# Goal of the exercise
Exclude all pictures, and reproduce exactly the lines from the one containing "蒸し鶏とグリルベーコン トロトロなすのアラビアータ" through the end of the records, with nothing else added.

# Records for the task
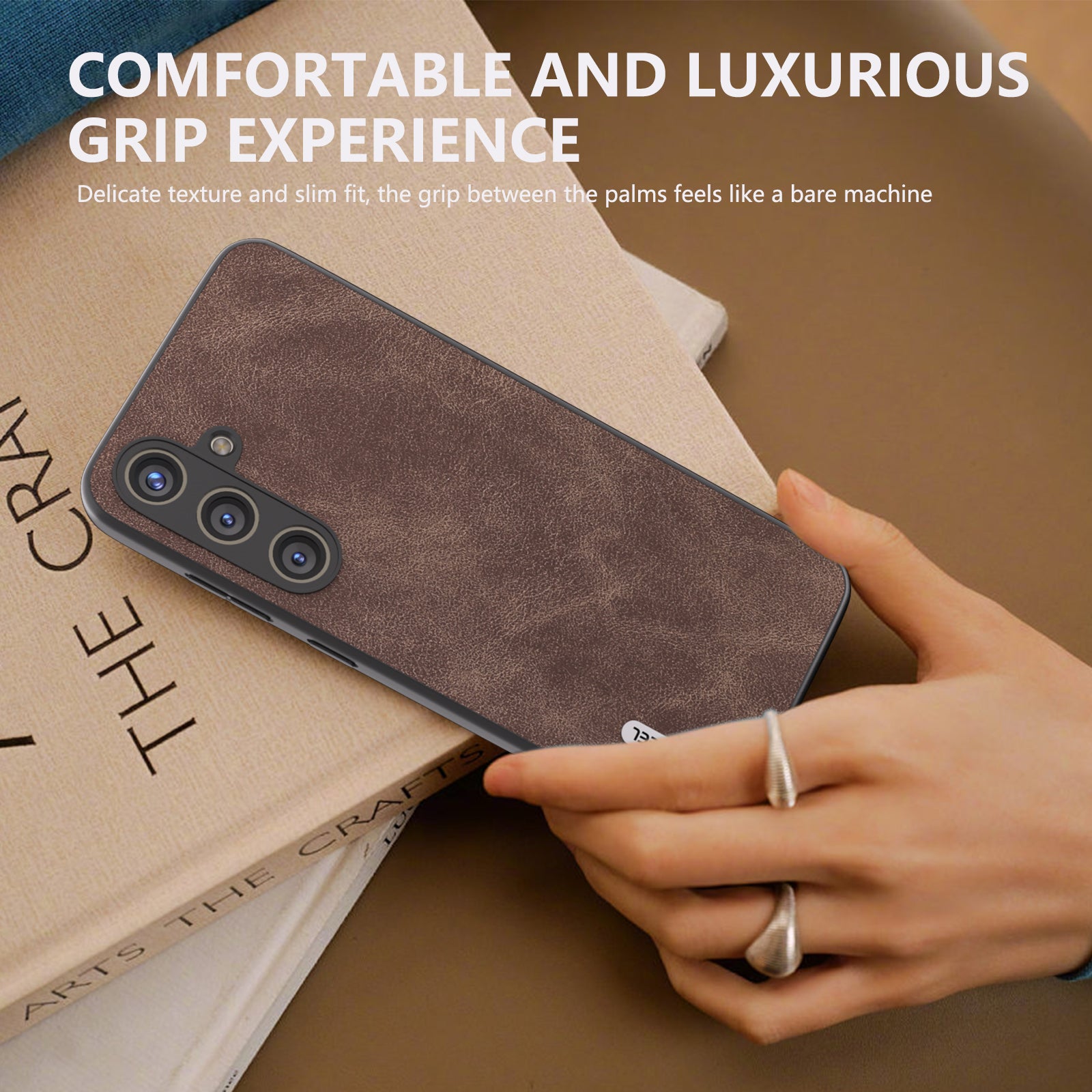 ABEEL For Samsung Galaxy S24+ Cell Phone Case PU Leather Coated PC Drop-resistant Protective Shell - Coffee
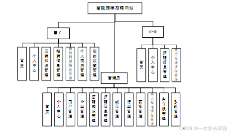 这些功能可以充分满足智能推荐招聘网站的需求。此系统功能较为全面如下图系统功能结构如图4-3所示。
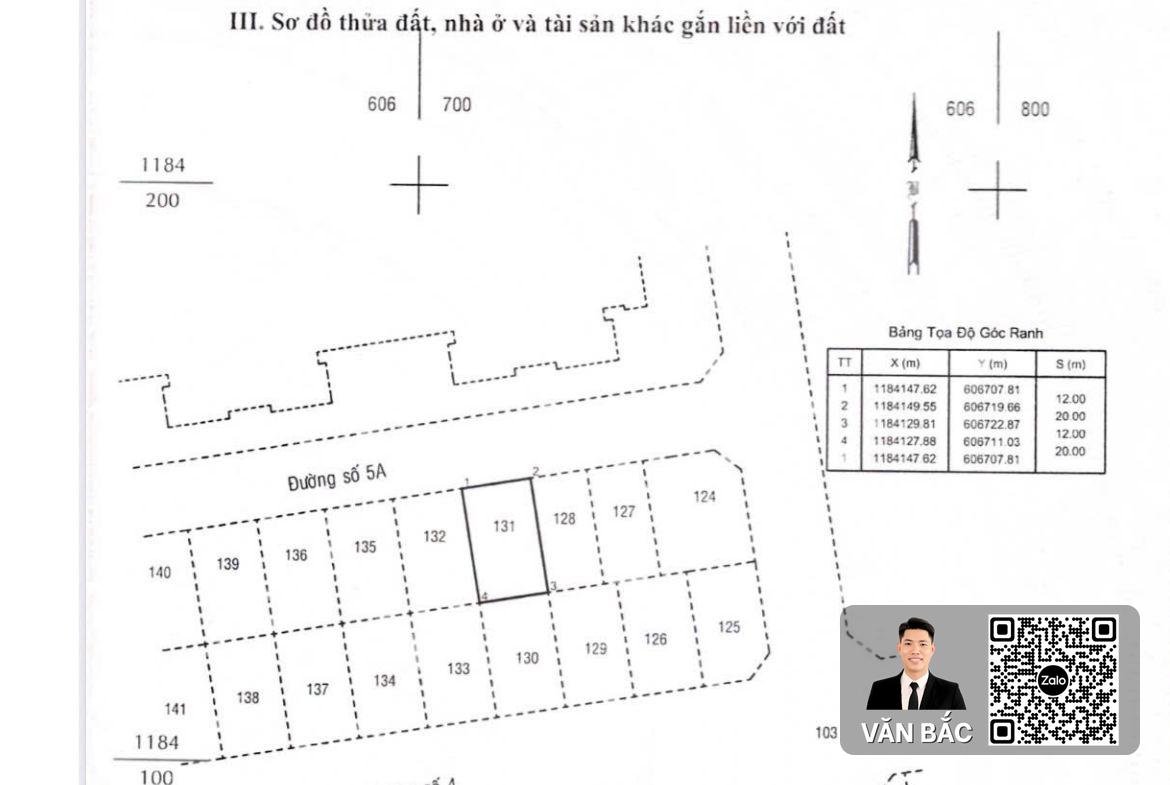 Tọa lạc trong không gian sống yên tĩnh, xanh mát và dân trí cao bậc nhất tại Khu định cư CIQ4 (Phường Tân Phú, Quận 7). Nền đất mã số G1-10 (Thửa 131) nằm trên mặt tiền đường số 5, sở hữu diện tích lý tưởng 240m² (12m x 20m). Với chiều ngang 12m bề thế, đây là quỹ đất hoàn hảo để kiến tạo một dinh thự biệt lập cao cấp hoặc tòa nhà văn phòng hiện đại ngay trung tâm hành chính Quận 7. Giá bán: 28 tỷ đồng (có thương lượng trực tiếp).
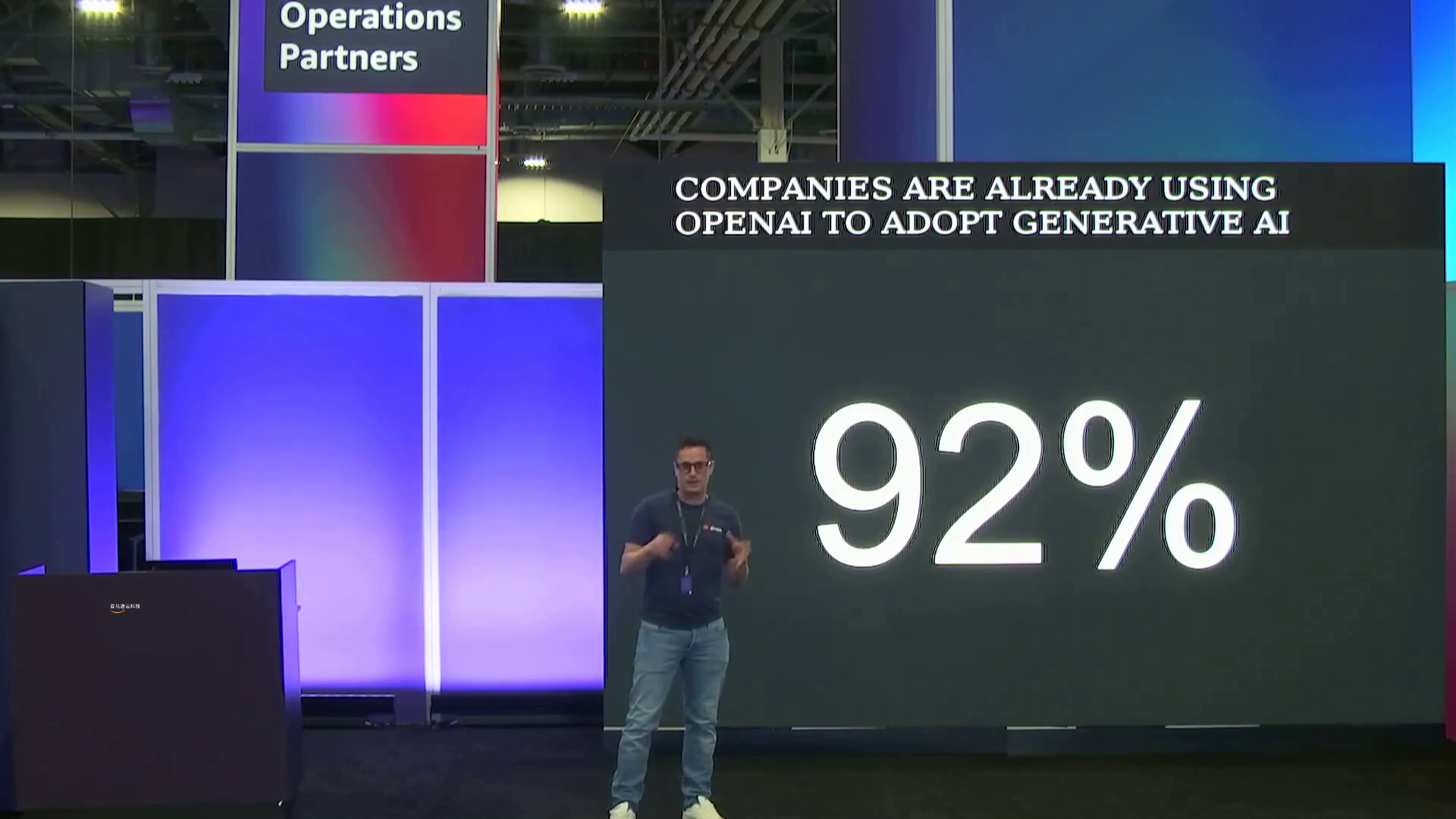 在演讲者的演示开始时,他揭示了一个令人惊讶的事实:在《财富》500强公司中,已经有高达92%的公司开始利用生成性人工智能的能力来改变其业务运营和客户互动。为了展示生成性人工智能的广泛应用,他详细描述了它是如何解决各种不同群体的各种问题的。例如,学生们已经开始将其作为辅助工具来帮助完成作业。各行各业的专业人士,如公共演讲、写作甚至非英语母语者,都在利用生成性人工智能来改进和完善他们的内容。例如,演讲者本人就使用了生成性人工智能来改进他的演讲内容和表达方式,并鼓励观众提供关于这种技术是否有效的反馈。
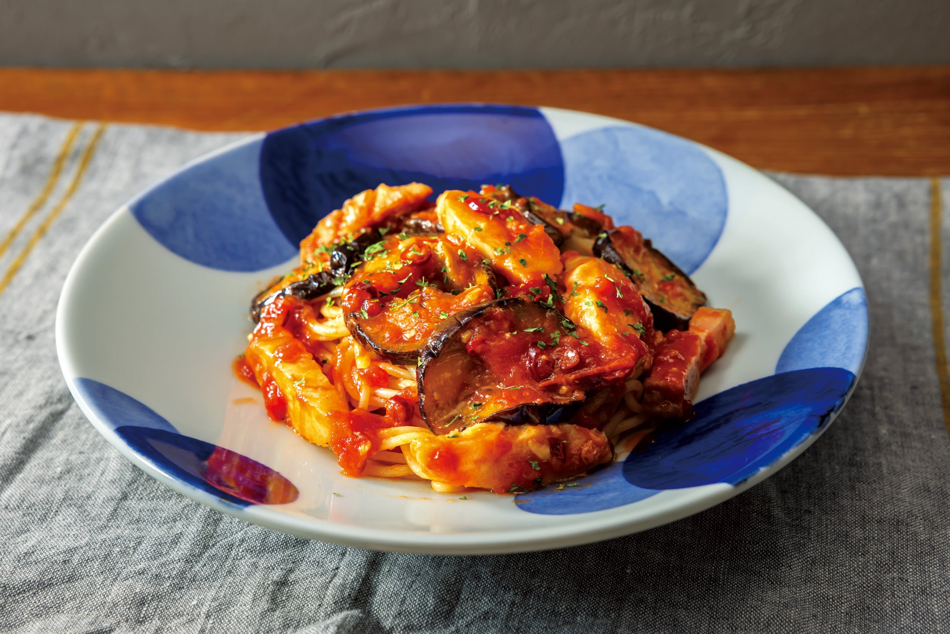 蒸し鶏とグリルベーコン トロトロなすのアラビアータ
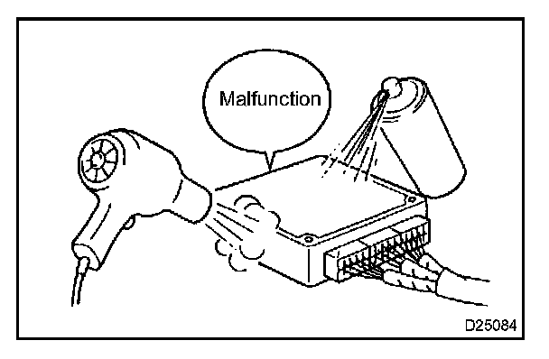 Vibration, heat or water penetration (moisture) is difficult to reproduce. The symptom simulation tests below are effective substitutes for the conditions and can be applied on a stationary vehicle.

# Task result
 蒸し鶏とグリルベーコン トロトロなすのアラビアータ
 Vibration, heat or water penetration (moisture) is difficult to reproduce. The symptom simulation tests below are effective substitutes for the conditions and can be applied on a stationary vehicle.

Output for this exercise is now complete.